Data lineage is becoming more important for financial services organisations today. Increasingly, it is becoming hard-wired in regulations and in data quality frameworks like the European Central Bank’s (ECB) Targeted Review of Internal Models (TRIM) – and ultimately this is all related to the need for ‘explainability’. If a bank values a position at £25 million for example, it needs to explain why it is valued at that amount, how it came to that decision and what data points it used in arriving at that valuation. All this context and more needs to be tracked.
However, banks and other financial services organisations can also use data lineage and the related concept of ‘explainability’ in other contexts. When changes are made to existing processes, for example, data lineage can be used in diagnostics to improve data quality. It can also be key for data licensing. If the organisation is undertaking content licensing and therefore has to abide by the associated restrictions, it will need to know what data is a derivative of another piece of data.
Finally, data lineage can also be key in achieving better management of client records and ensuring greater care is taken about where client data is moved to and used moving forwards. After all, if a bank client, under GDPR, demands that their data be expunged from the records, the bank or other financial services organisation will need to know where all of that customer’s details have ended up in order to be able to achieve this.
To do all this efficiently and well, banks and other financial services firms will effectively need to implement two different kinds of data lineage: horizontal and vertical.
Horizontal data lineage traces the journey of a piece of data as it moves through the system from source to destination. It could be a piece of content originally picked up from a prospectus or a company’s articles of incorporation, or an exchange; that subsequently finds it way into a data product, is licensed by a financial institution; comes into an end database and is looked at and possibly augmented there before it flows through to a report or business application. In this way, horizontal data lineage effectively tracks that journey of a specific item of data – typically across systems and reports.
Vertical data lineage, in contrast, describes the transformations that happen to a piece of data on that journey. It could be an element feeding into a calculation: one of the sources of a bond curve calculation, for example. And the lineage in this case would be to ‘go back’ from the bond curve and see what individual bonds formed part of the input at a specific point in time.

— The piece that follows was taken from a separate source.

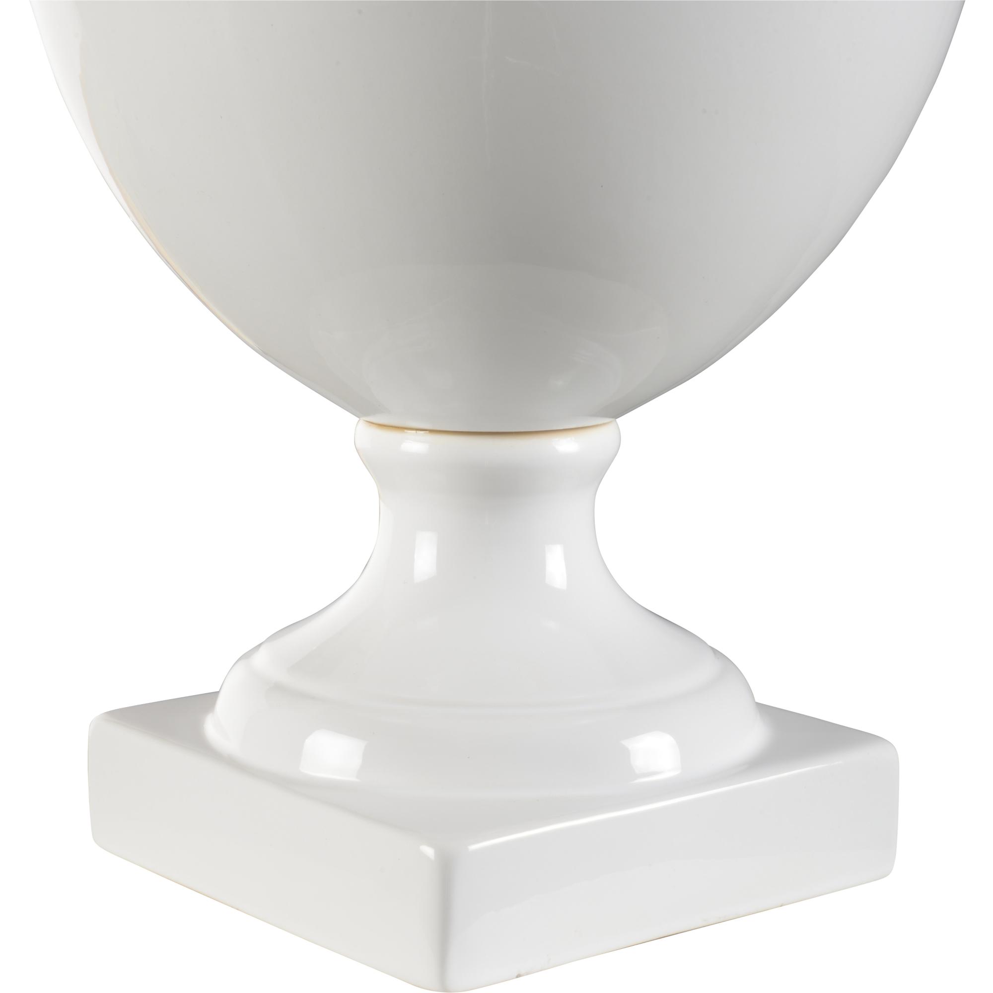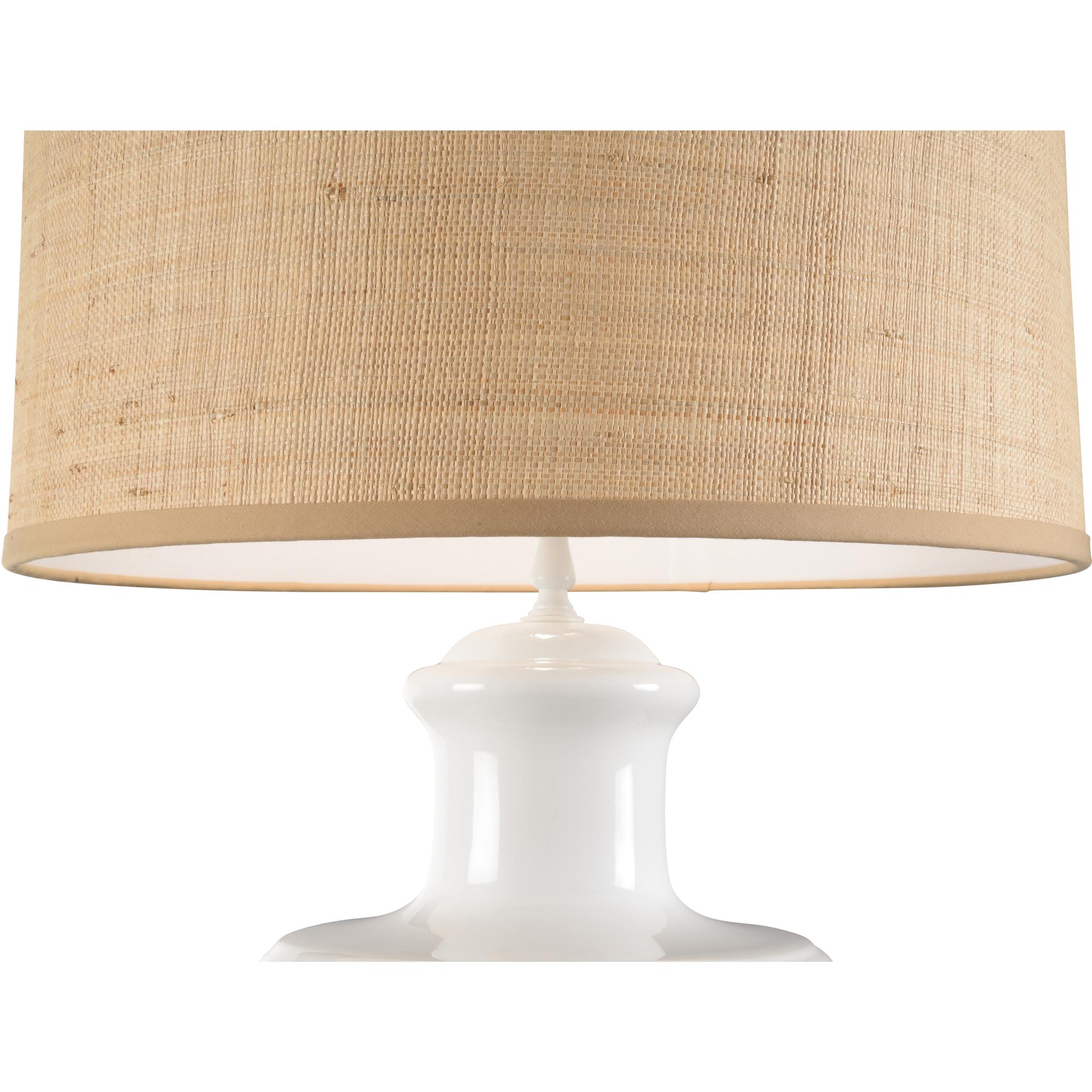 Greenwich Ceramic Lamp is a transitional white glazed Italian ceramic table lamp. An off-white linen drum shade gives an elegant touch and helps to create ample illumination throughout your space.

In short, horizontal data lineage traces the data back to the original source, while vertical data lineage effectively reverse-engineers the transformations that happen along the way, whether they are simple processes like cross-referencing or tracking the different taxonomies that exist for financial instruments or industry classifications. For example, vertical data lineage might come in to track cross-referencing between industry classification schemes from the European Union and the US Federal Government but also proprietary industry classifications from data providers and index providers like Morgan Stanley Capital International (MSCI) and the Financial Times Stock Exchange (FTSE).
Often, in order to be able to compare like for like, the organisation might want to express an issuer or counterparty within the same taxonomy. So, for example, if one taxonomy labels a segment ‘IT’ and another called the same segment ‘computer systems’, it might want to ensure that the same label was used for both. That is an example of simple transformation or a cross-reference but there are other far more complicated ones that may involve multiple pieces of data feeding into a single calculation.
Meeting the Challenge
The specific challenge in terms of the organisation’s ability to reverse engineer is that it will need to keep track both of its input data sources and their value at the time the transformation took place; all the calculation parameters that fed into the calculation and their value at the time it was done; and the algorithm that was used. These are some of the capabilities and pre-conditions that need to be met in order to carry out this vertical data lineage in the first place.
Horizontal data lineage is much more focused on the ostensibly more straightforward process of keeping track of the data that the business has consumed, where it subsequently went and who
touched it on its journey. The end objective is to trace the journey of the data upstream while vertical data lineage involves the ability to reverse engineer the manipulations that have happened to the data in the past.
Financial services organisations need both types of data lineage to show the provenance of financial, regulatory and customer reporting. They are both equally important and effectively two sides of the data lineage coin. They can’t have one without the other.
Most businesses across the financial services sector do not fully understand the multi-faceted nature of data lineage as outlined above. There is little consensus within larger firms about what is meant by data lineage. Often, they know that their audit trail is broken within a specific application but they don’t typically have an overarching view or the ability to follow data around on its journey across the organisation or to efficiently document it. The TRIM programme of the ECB referred to above takes a much closer look at the journey of the data from source to internal model and has brought the issue to the forefront.
To address the data lineage challenge, firms have a need for bi-temporality so that they know the value of the data when a calculation happens. They need to be able to track metadata and keep cross-reference tables between different taxonomies and different classification schemes up to date but they also need a clear administrative process, detailing who can access data, where does it go, where did they get it from and what their sources were.
Moreover, they also need a sourcing hierarchy, so they have the process of looking at data sources clearly documented and accessible by everybody who needs it. There has to be a clear understanding of what the data sources are and where the business goes for specific kinds of data, what the typical definition of the data elements are and what the calculation parameters and other metadata are.
It’s a complex undertaking but those organisations that understand the requirement and can put the right combination of processes and technology in place to support it will be best placed both to meet the multi-faceted data lineage requirements of today’s financial services sector and gain a real edge over the competition.